ESDC to Brooklyn Opponents: Drop Dead

The fix is in and the clock is ticking. With its vote on Atlantic Yards yesterday, release of the 15-inch thick Draft Environmental Impact Statement and scheduling of what is likely to be the only significant public hearing on the plan for August 23, the doggiest of the dog days of summer, the Empire State Development Corporation announced full speed ahead on Atlantic Yards planning.

The public comment period on the plan will run for 60 days and it will be up to lawyers, environmental experts and others to pour through a document that, in effect, says that the biggest development project in Brooklyn history will have not have a significantly overwhelming negative impact on public services or traffic, will not swamp sewage treatment plants, will not put upward pressure on rents and won't significantly degrade quality of life.

Yes, the environmental impact document does admit "significant adverse impacts" on cultural resources, traffic, and noise, as well as construction impacts, but it argues that the provision of housing, improving railroad facilities, and "enhancing the vitality of the Atlantic Terminal area" outweigh the negatives.

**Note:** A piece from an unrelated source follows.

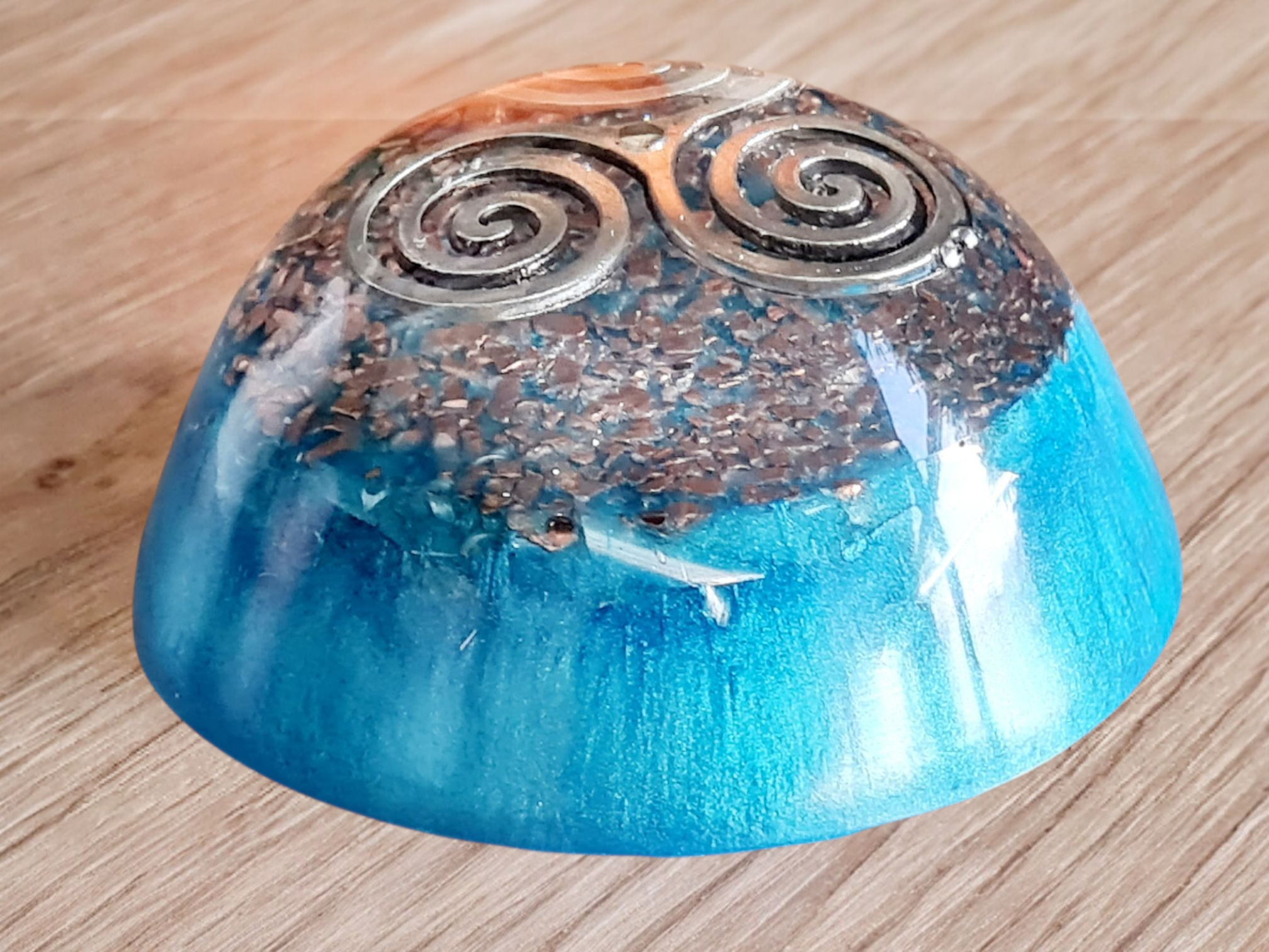Cette orgonite dôme est entièrement fabriquée à la main, de façon artisanale. Même si chaque orgonite se ressemble, elles sont uniques.

On WNYC yesterday evening, newscaster Amy Eddings asked reporter Andrea Bernstein, more than once, to explain how a project so massive in scale would, in effect, be a ghost. Forest City Ratner's James Stuckey's response: the impacts are manageable because of all the work to mitigate them.

The most cogent early analysis of the DEIS belongs to Norman Oder, who begins the long process of digging into the massive document today via his article in his Atlantic Yards Report.

What is clear is the cost of Atlantic Yards has now swollen to $4.2 billion from an original estimate of $2.5 billion and that New York State taxpayers will ultimately bear direct and indirect costs of up to $2 billion.

In the end, yesterday was either the day the New York power structure backing the Atlantic Yards project--and its 16 highrises and basketball arena--trotted out the coffin in preparation for closing the lid and nailing it shut (a "slam dunk" as the New York Post calls it) or merely the first round in a historic fight to stop the biggest development project in the borough's history. It will fall to a bright planner or historian who is only in grade school today to write the story a generation from now.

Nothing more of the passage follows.